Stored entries
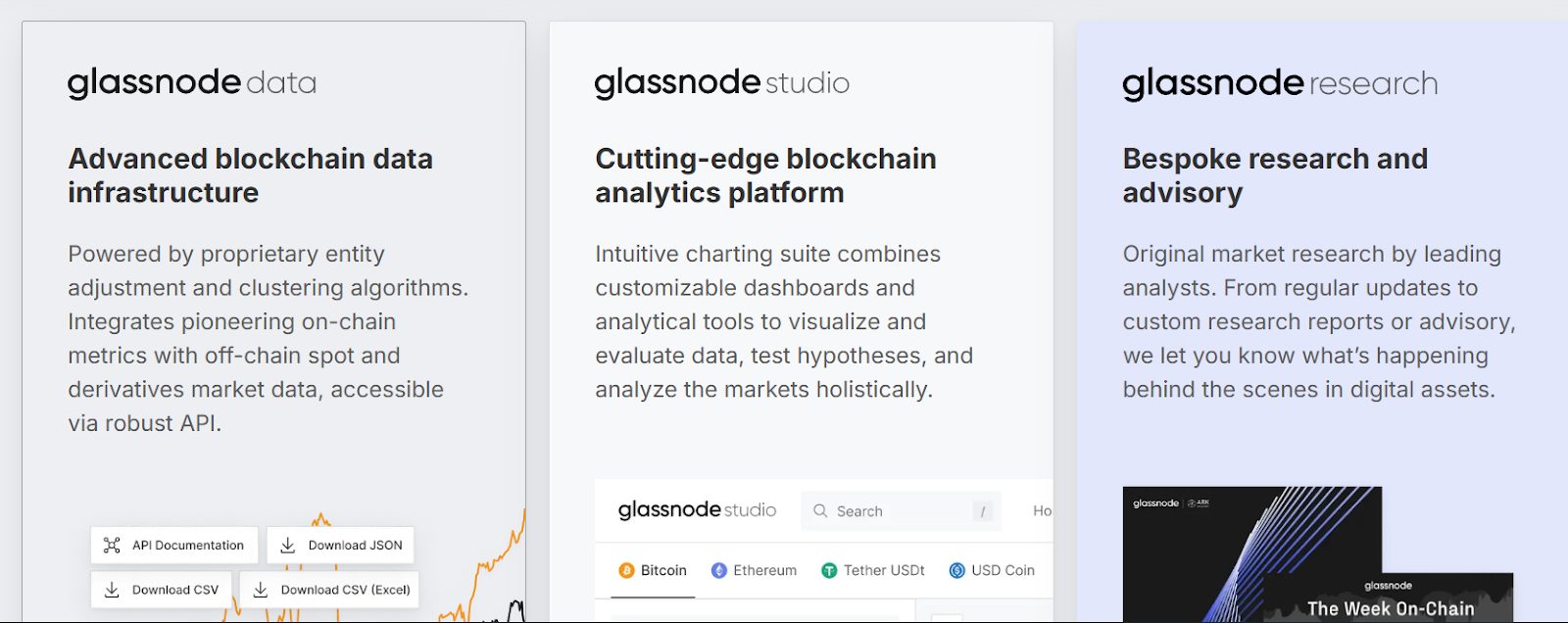 «Глассноде» дает API, через который можно интегрировать данные в собственные модели, системы или стратегии торговли. Здесь можно выгружать метрики, экспортировать информацию и использовать ее для последующего анализа. Платформа публикует свои исследования, рыночные обзоры и аналитическую отчетность от экспертов. Можно подписаться на периодические рассылки и отчеты. Они сейчас доступны в виде сообщений через электронную почту, а также через веб-интерфейс.
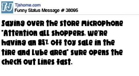 X is Saying over the store microphone "Attention all shoppers, we're having an 85% off toy sale in the tire and lube area" sure opens the check out lines fast.
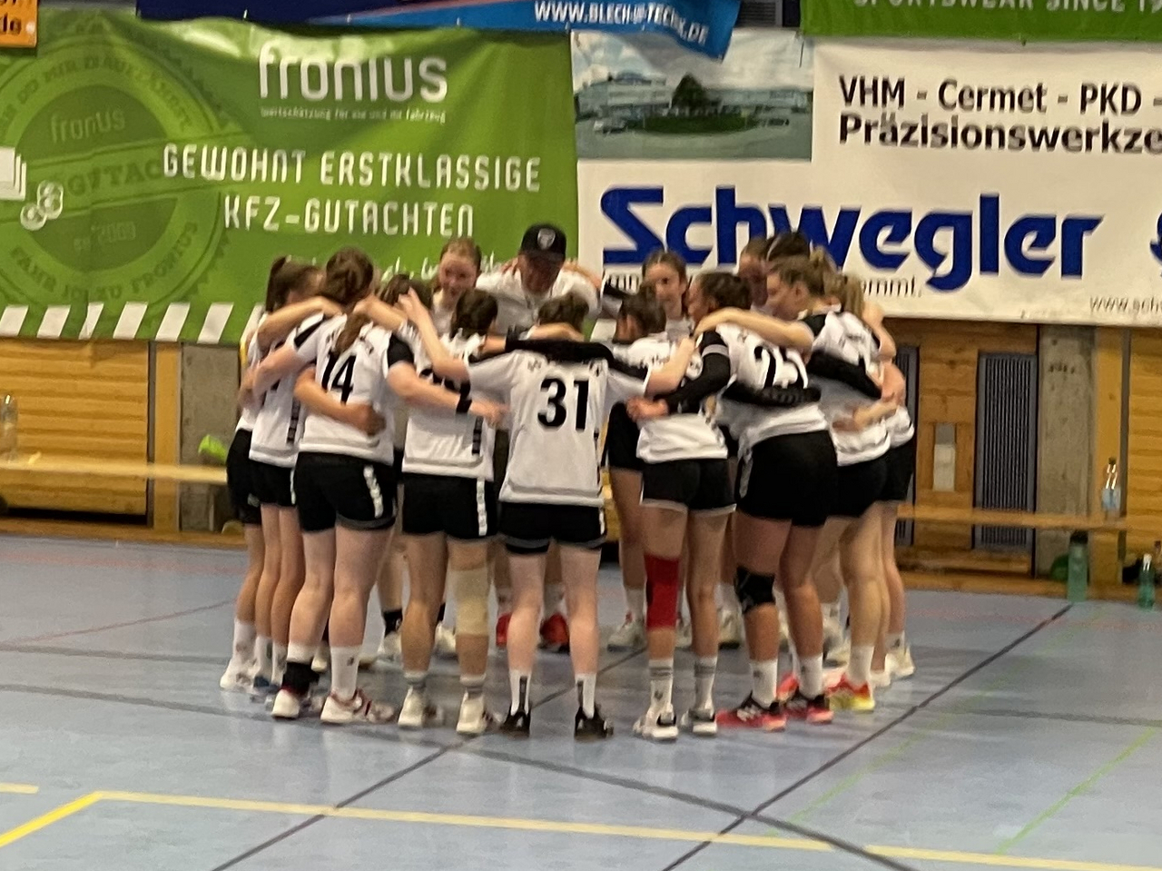 Die Gegner in der Viererrunde waren bis auf den HF Scheyern bekannt, mit der JSG Alpsee-Grünten traf die wA auf einen Kontrahenten aus der wB-Jugend Saison 2021/22 und der TSV Gilching ist ebenfalls kein Unbekannter. Konzentriert und hochmotiviert starteten die Mädels in das erste Spiel an diesem Tag gegen den HF Scheyern und zeigten mit einem 6:0 Lauf direkt was sie können. Auch bis zur Halbzeit wurden die Anweisungen des Trainergespanns umgesetzt und somit konnte beim Halbzeitstand von 11:4 kurz durchgeatmet werden. Das Spiel wurde auch nach der Halbzeit souverän gestaltet, es kamen alle Mädchen zum Einsatz und jede bekam ihre hochverdiente Pause. Bis zum Endstand von 23:12 ließen die Vöhringerinnen nichts anbrennen und konnten sich somit über ihren ersten Sieg freuen. Direkt im Anschluss war das zweite Spiel gegen die JSG Alpsee-Grünten, leider verlief der Anfang nicht wie gewollt und so wurde das erste Tor erst in der achten Minute durch Annika Buchberger geworfen. Auch der Rest der ersten Halbzeit war holprig und durch Ungenauigkeiten und Unkonzentriertheit des Angriffspieles stand es zur Halbzeit nur 3:3. Zu viele Torchancen wurden zudem nicht verwandelt, diese Fehler konnte der Gegner jedoch unter anderem durch die starke Abwehr nicht für sich nutzen. Die Halbzeitansprache hatte Wirkung, denn im Angriff wurden technische Fehler reduziert und die Abschlüsse aufs Tor kamen platzierter. Dadurch gelang den SCV-Mädels ein Zwischenspurt zum 9:3 und diese Führung wurde auch nicht mehr hergegeben. Der zweite Sieg war nach 40 Minuten mit 12:8 in der Tasche. Nach dem Spiel gegen die JSG hatten die Mädels zwei Spiele Pause und konnten sich ein wenig erholen. Ohne Druck ging der SC Vöhringen in sein drittes Spiel an diesem Tag gegen den TSV Gilching. Nachdem die ersten sechs Minuten der Partie noch ausgeglichen verliefen, merkte man den Mädchen an, dass ihnen die zwei Spiele in den Knochen steckten. Durch erneute Unkonzentriertheiten im Angriff gelang es dem TSV einige einfache Tore durch Tempogegenstöße zu erzielen, was zum Halbzeitstand von 9:4 aus Sicht der Gilchinger führte. Trotz der Ansprache in der Kabine konnten die Vöhringerinnen ihre Stärken nicht mehr auf die Platte bringen und wurden im Spielaufbau öfters durch verletzungsbedingte Auswechslungen gestört, sodass Gilching seinen Vorsprung bis zum Schluss auf 22:7 ausbauen konnte - eine zu hohe Niederlage für das Vöhringer Team.
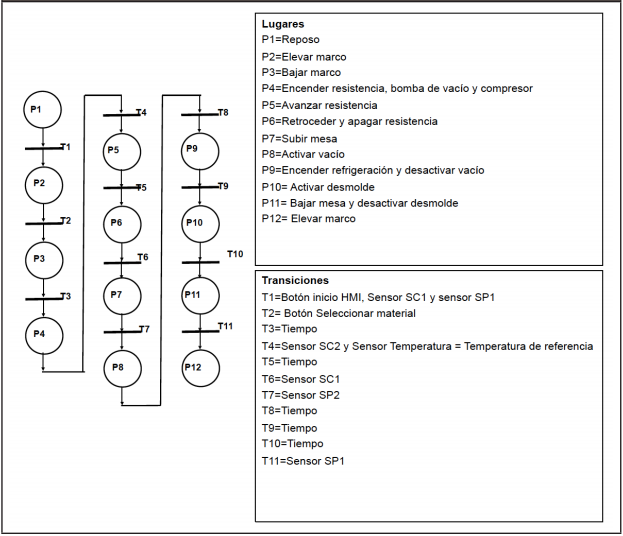 El control de la máquina termoformadora puede realizarse mediante la definición de modo de trabajo automático y modo manual desde la HMI; el primer modo se inicia con la selección del tipo de material a termoformar; dada esta orden, el control ejecuta la secuencia de proceso descrita en la red de Petri (véase figura 10), este modo de operación es recomendado para producción en serie. El modo manual permite manipular cada operación de termoformado de manera independiente, facilitando las tareas de mantenimiento, puesta a punto del proceso y la programación de las variables de temperatura y tiempo de calentamiento en el PLC necesarias para el funcionamiento del modo automático.
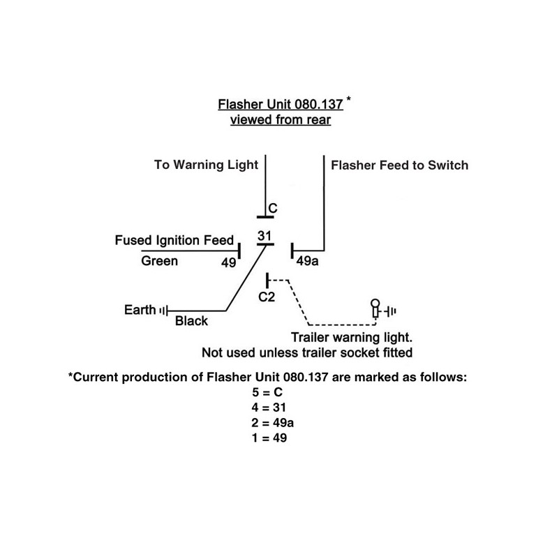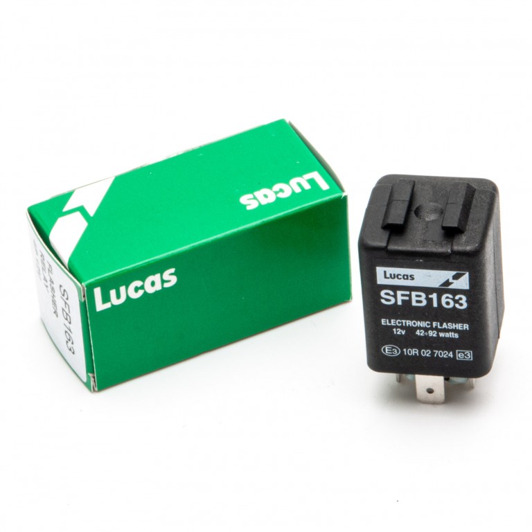 This is the genuine Lucas Flasher Unit SFB163. It operates on 12 volts negative earth and up to 98 watts. Take a fused ignition feed to terminal 1 (also marked +). Connect terminal 2 to the flasher switch. Connect terminal 4 to negative earth (ground). Connect terminal 5 to the flasher warning light (which may be in the switch).
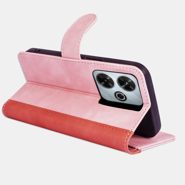 Funda de Cuero con Tapa Horizontal y Costuras para Xiaomi Redmi Note 13R 5G (Roja)
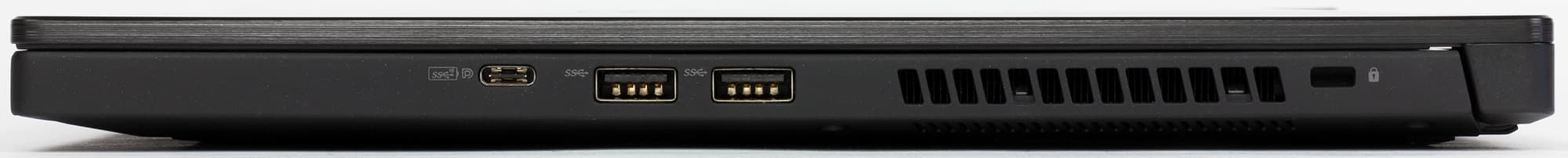 С правой стороны выведены три порта USB, включая Type-C, еще одна решетка для выброса из ноутбука нагретого воздуха и отверстие кенсингтонского замка.
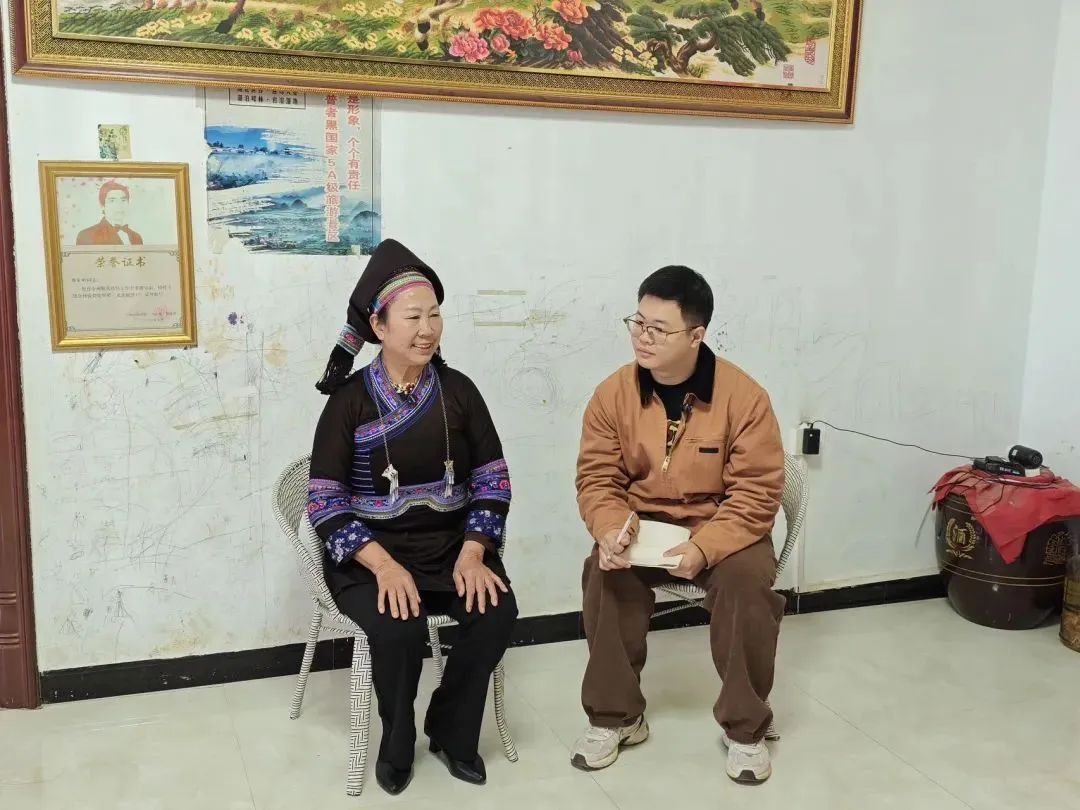 ▲硕士生刘诗奥访谈茶花村脱贫户毕绍芬
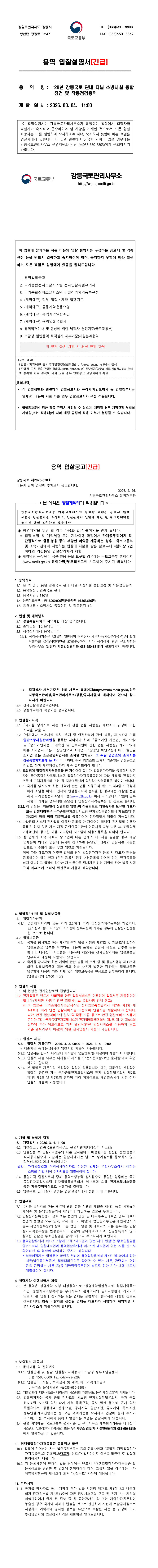 26년 강릉국토 관내 터널 소방시설 종합점검 및 작동점검용역 |
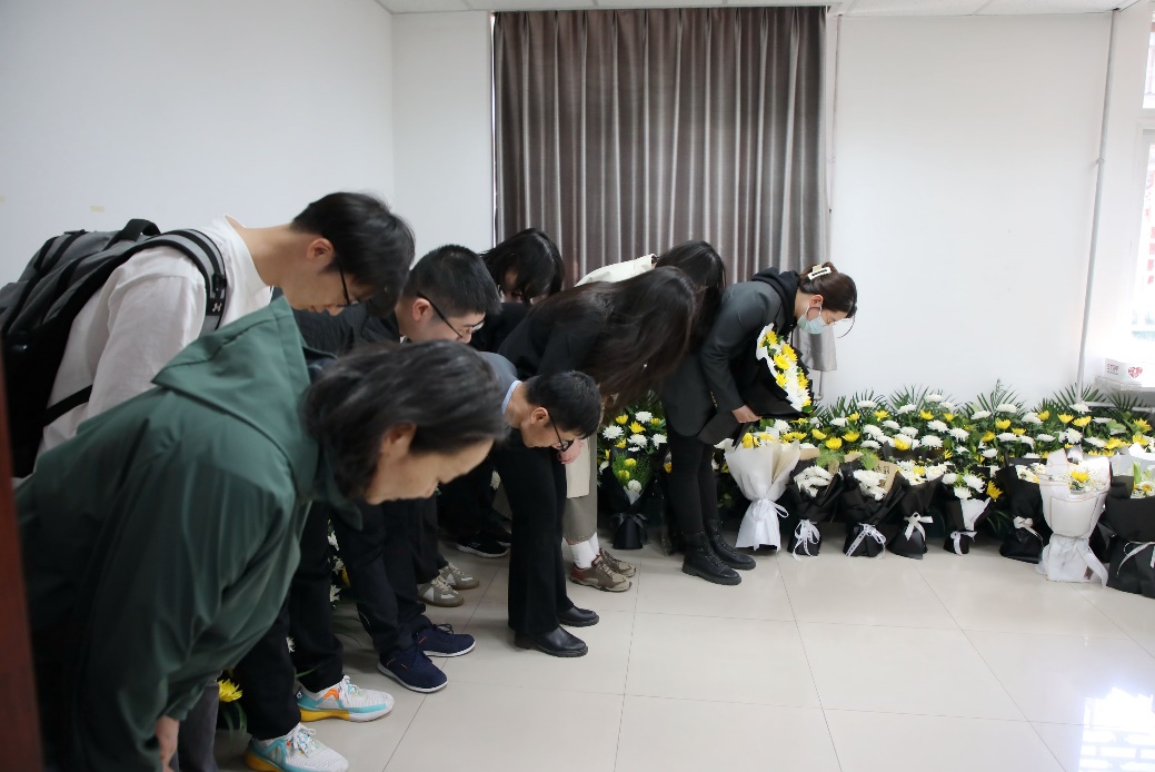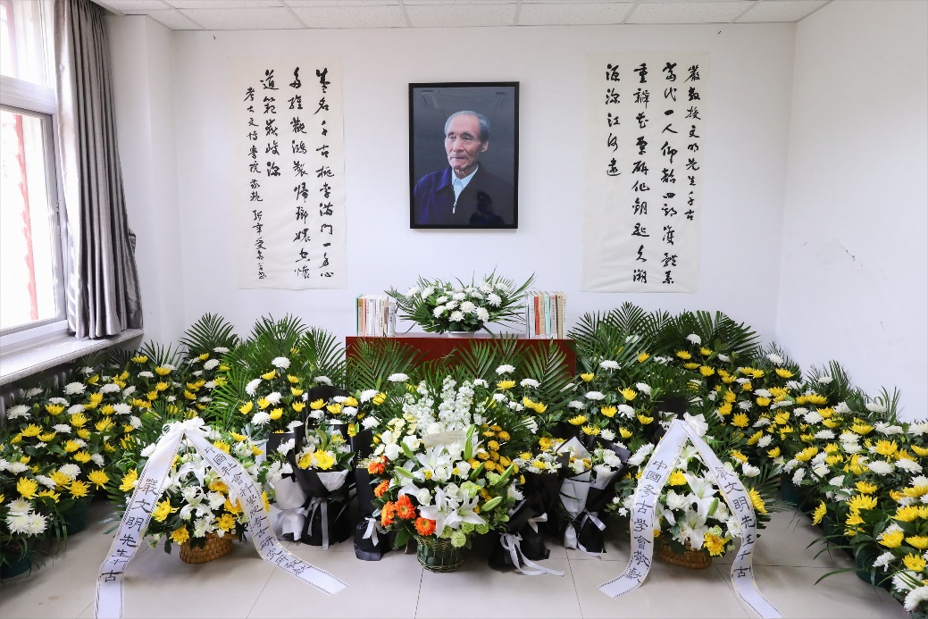 4月15日下午,考古文博学院在红五楼布设的严文明先生灵堂正式开放。严文明先生的遗像前,鲜花簇拥着先生的著作,严文明先生亲友、北大师生校友、考古文博界人士送来的鲜花、挽联布满四周。
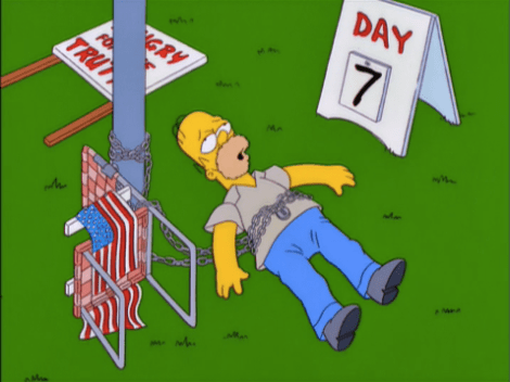 There’s also a side story here, but not much to report about it. After a visit from an eye-opening, but expensive, baby-proofer, Homer goes on a crusade to make the world a safe place for Springfield’s littlest ones. The reason? I’m not entirely sure, but you know that wacky Homer and all his crazy non-work-related adventures. There’s a strange scene before the baby-proofer shows up with him and Marge sitting at the kitchen table struggling to come up with something to talk about, with Marge about to point out that their marriage is suffering a bit before the doorbell rings. It’s a joke that kind of feels so sour and sad within this overly silly show. Be it filling a dangerous pool with Jell-O mix or bubble wrapping an entire playground, Homer is making waves in protecting youngins everywhere. So what’s the resolution? The answer is there isn’t one. Well, just barely. Homer sees on TV that many industries are being hurt by Homer’s crusade: Dr. Hibbert can’t afford a new boat because of healthy babies, the get-well-soon baby card factory has shut down, laying off hundreds. As such, Homer takes to the streets, calling for all infants to do their part and get injured. It’s not really an ending, it’s just an incredibly bizarre joke. Both stories in this episode has completely ridiculous climaxes, which takes away from any emotional connection or attempt at realism the plots had at the start. This episode had promise, but any goodwill basically evaporates come the third act.
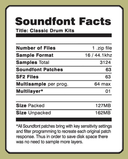 This collection includes a quality set of 63 Drum Kits software or hardware device capable to load Soundfonts. The audio quality is 16-bit / Stereo. The sampled instruments are classic drum machines and several synthesizer drum kits. Many of the kits are General Midi compatible. Note that these are single sample drum and percussion sounds, not actual rhythmic loops.
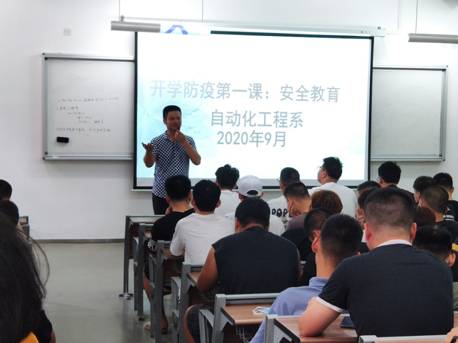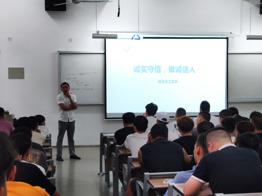 9月13号上午十点自动化工程系在信息楼召开复学第一讲,全系同学无一缺席,陈满红书记、辅导员黄丽丽和朱长山共同主持了本次会议。
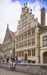 Herbestemming van gildehuis tot representatiehuis van havenbedrijf. Foto genomen voor de uitreiking van de Onroerenderfgoedprijs 2019. Het gildehuis van de Vrije Schippers in Gent is de winnaar van deze editie.
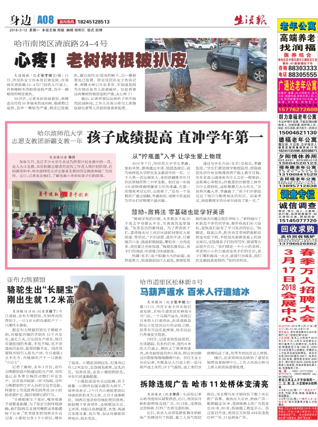 生活报11日讯(记者王晓丁)今日凌晨,亚布力熊猫馆,在饲养员的帮助下,一只3岁大的母骆驼产下一只雌性小骆驼。 据亚布力熊猫馆馆长于腾蛟介绍,母骆驼兴娅的孕期在13个月左右,最近几天,它出现生产前兆,独自在骆驼园的角落,不吃不喝,还不停地来回走动,显得烦躁不安。饲养员便将兴娅引入阳光产房,今日凌晨2点半左右,兴娅顺利产下一只骆驼“小公主”。 记者了解到,去年3月份,亚布力熊猫馆就开始建设阳光产房,目的是让在冬季分娩的动物们平安生产。此次是兴娅第一次当妈妈,亚布力熊猫馆的工作人员怕它没有经验,特意在2月底派两名饲养员24小时轮流看护它,随时观察它的行为。 “小骆驼刚生下来时,嘴里和鼻子里都是黏膜,为了保证它的呼吸顺畅,我们饲养员直接用嘴把这些黏膜吸了出来。”负责接生的饲养员告诉记者,小骆驼出生3个小时后,便站了起来。小骆驼虽刚出生,但身高已有1.2米左右,全身绒毛浓密,呈乳白色。饲养员说,这是小骆驼的胎毛,半年后将逐渐脱落。 “小骆驼还没有长出驼峰,样子就像一只拥有长腿长脚的大绵羊。”饲养员表示,3个月内小骆驼都将以母骆驼的奶水为主食,之后才逐渐断奶。饲养员也会给母骆驼增加营养,除投喂干草青草外,还将增加大豆、玉米等,并配以各种蔬菜、水果、鸡蛋以及维生素、钙片等,保证母骆驼营养充分,奶水充足。

◆ What this task involves ◆
Your copy should hold the lines from the one with "This is the" up to and including the one with "Funda de Cuero", exactly as in the data above, and no pictures.

◆ Result for this task ◆
 This is the genuine Lucas Flasher Unit SFB163. It operates on 12 volts negative earth and up to 98 watts. Take a fused ignition feed to terminal 1 (also marked +). Connect terminal 2 to the flasher switch. Connect terminal 4 to negative earth (ground). Connect terminal 5 to the flasher warning light (which may be in the switch).
 Funda de Cuero con Tapa Horizontal y Costuras para Xiaomi Redmi Note 13R 5G (Roja)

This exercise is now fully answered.